Марта Велч, как известно, утверждает, что если отец враждебно настроен по отношению к терапии объятия или не оказывает необходимую поддержку матери, то выздоровление невозможно.

– Я не думаю, что ей нужно читать лекцию о браке! – выпалила я. – Я считаю, что вам следует прекратить говорить, что она должна добиться решения.!

Я сердито вопрошала саму себя: «Как кто-либо может позволять этой женщине думать, что вся тяжесть заботы о ребёнке с такими серьёзными отклонениями должна пасть только на её плечи? Мальчику необходима интенсивная терапевтическая программа. Почему об это никто не позаботился?
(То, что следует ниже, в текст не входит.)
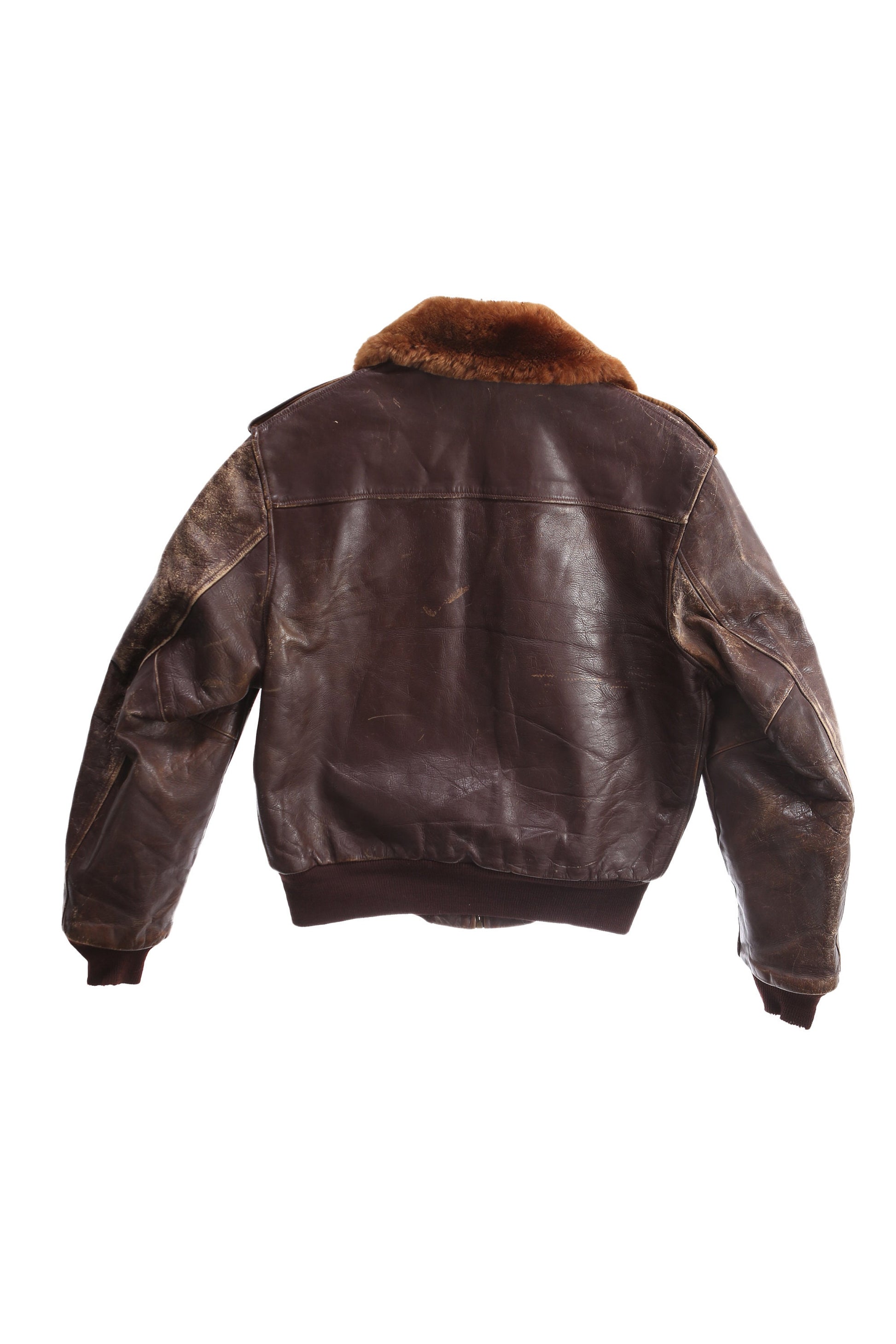 Vintage Men's Brown Leather Bomber Jacket with Fur Collar by Kiropf Sportswear - Estimated Era 1940's - 1950's
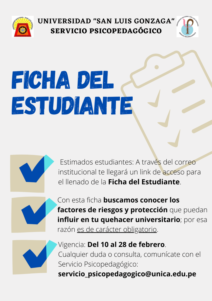 #ServicioPsicopedagógico | A través del correo institucional a todos los alumnos se les enviara la Ficha del Estudiante del Servicio Psicopedagógico para ser llenada hasta el 28 de febrero.
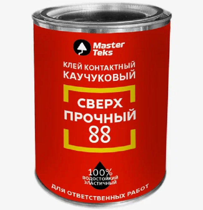 Контактный клей Master Teks Сверхпрочный 88 на каучуковой основе применяется для склеивания в любых сочетаниях дерева, металла, кожи, резины, пластика, стекла, керамики, ткани, бумаги, войлока и бетона.
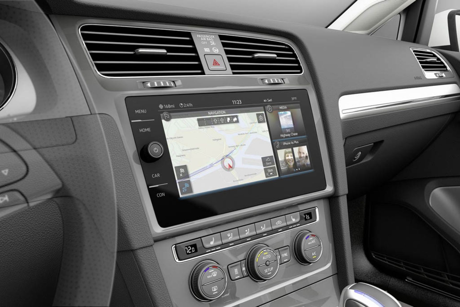 تکنولوژی ای-گلف تاچ به همراه آخرین سیستم اطلاعات و سرگرمی فولکسواگن یعنی MIB infotainment و با نمایشگری 9.2 اینچی با رزولوشن 1280 در 640 پیکسل ارائه میشود. این صفحهنمایش قابل تنظیم است و راننده میتواند صفحهنمایش را مطابق با عملکرد و دسترسی سریعتر به کارهای معمول تنظیم کند. همانطور که انتظار داشتیم پشتیبانی از درگاههای ارتباطی آندروید اتو، اپل کارپلی و میرورلینک در سیستم اطلاعات و سرگرمی باعث شده که همگامسازی خودرو با گوشیهای هوشمند بهسادگی انجام شود.
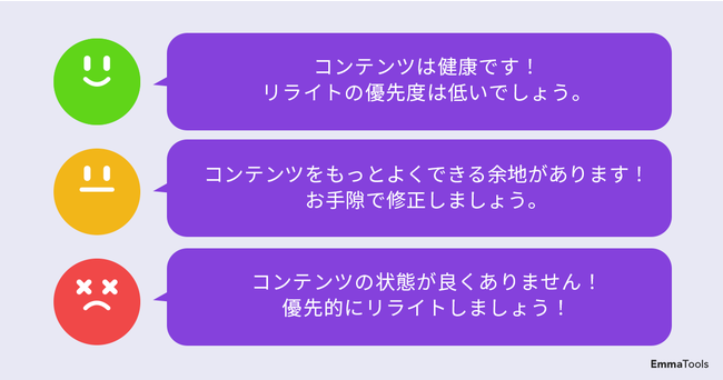 EmmaToolsのユーザーは今回リリースされた「コンテンツ品質管理機能」を活用することにより、SEO対策業務における品質管理を効率化することが可能になります。これによって「どのコンテンツから修正・更新をすれば良いかわからない」や「知らない間に順位が落ちてしまった」という課題を解決する手助けをいたします。
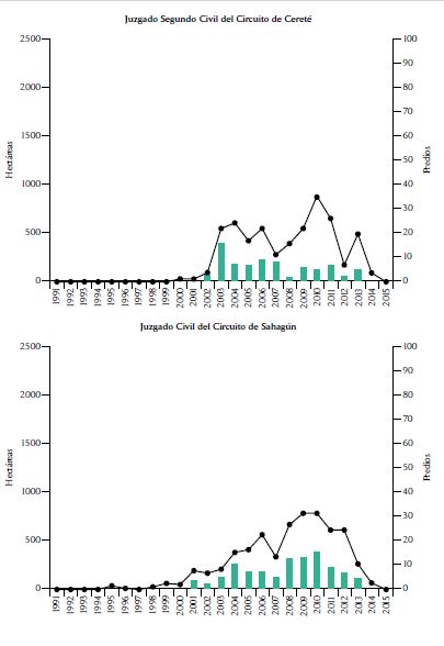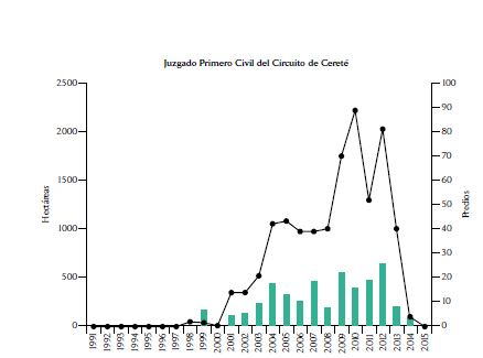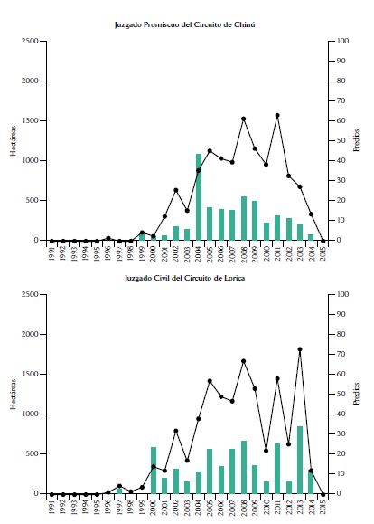 Ahora bien, la entrega judicial de baldíos no solo está concentrada en términos de su extensión y su ubicación geográfica, sino también a nivel de juzgados. De un total de 37 despachos judiciales identificados en la base JRA, 7 están por encima de 156 casos, esto es, el promedio del número de sentencias por juzgado más media desviación estándar (ver las gráficas del comportamiento anual de los 7 juzgados y la extensión de los baldíos que titularon en la sección 6 del anexo). De esos 7 juzgados, 3 profirieron más de 500 sentencias cada uno, los cuales corresponden al Juzgado Primero Civil del Circuito de Cereté (592 sentencias), el Juzgado Civil del Circuito de Lorica (585 casos) y el Juzgado Promiscuo del Circuito de Chinú (519 sentencias). En 2014, cuando la Corte Constitucional ordenó medidas estructurales en la sentencia T-488, algunos de estos juzgados tuvieron una reducción significativa del número de casos mientras que otros registraron una importante disminución incluso antes de esa fecha.
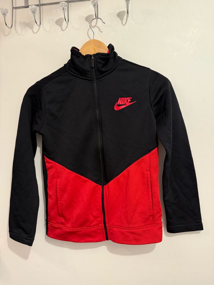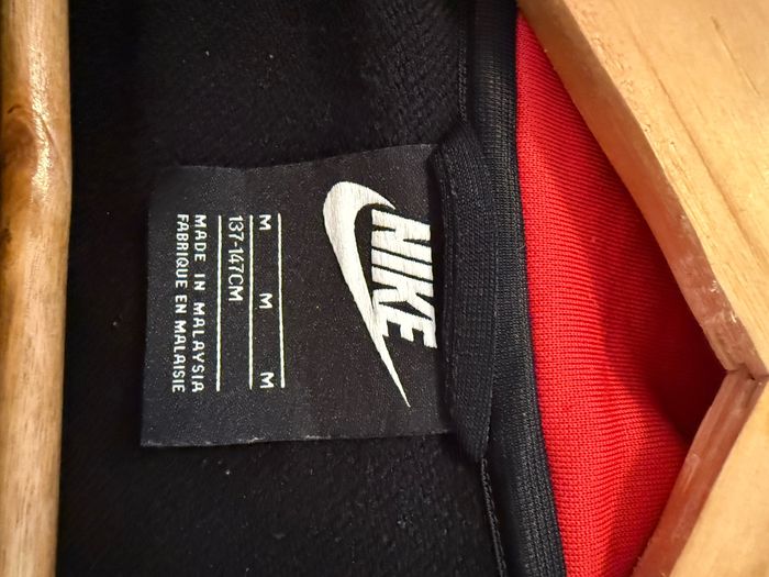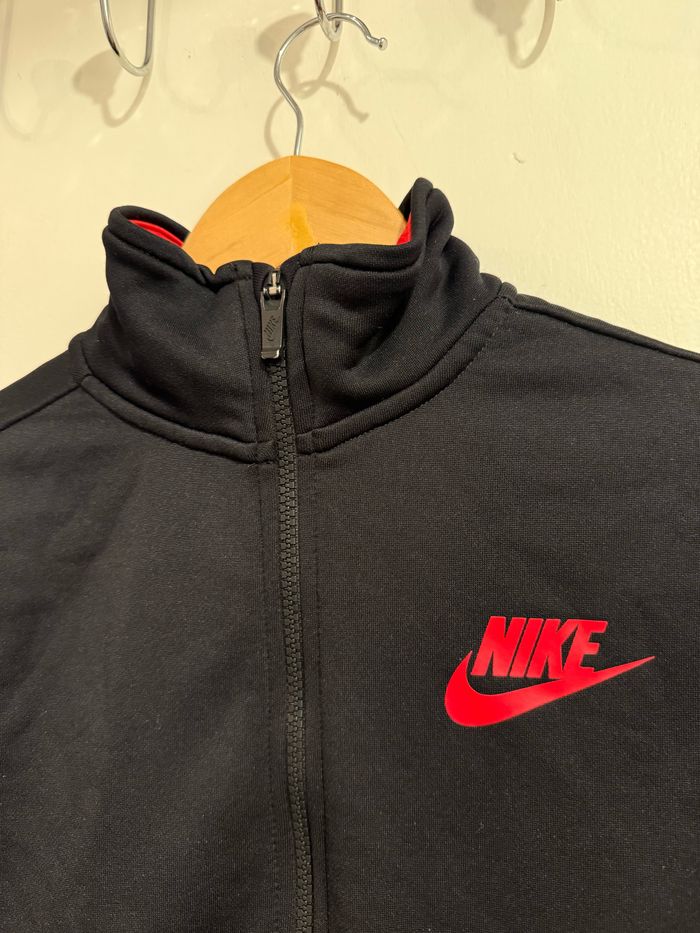 🧥 Veste de jogging Nike 📏 Taille : 9/11 ans … M junior …137-147 cm ⚪ Couleur : noir et rouge 🏷️ Logo : Nike bordé sur la poitrine 🔒 Fermeture zippée, col montant ✅ Très bon état général, idéale pour un look sport ou casual.
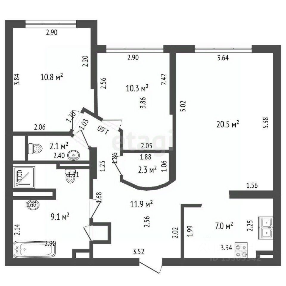 Продается просторная и комфортная 3к квартира в комфортном монолитно-кирпичном ЖК "Родные просторы" (застройщик Промстрой) площадью 74,4 кв. м.

Что было бы, если бы мы по моему настоянию в самом начале решили отказаться от Бриджит? Что было бы, если бы нам приходилось надеяться только на терапию объятия?»

Теперь я начинала понимать, что идея о том, что мать способна вылечить своего ребёнка не менее пагубна, чем идея о том, что мать – причина аутизма. Меня сильно поразило то, что на уже согнутую от горя спину Мэри хотели водрузить ответственность за прогресс её сына да ещё и заставляли её добиваться «решения» от тяжело-больного ребёнка.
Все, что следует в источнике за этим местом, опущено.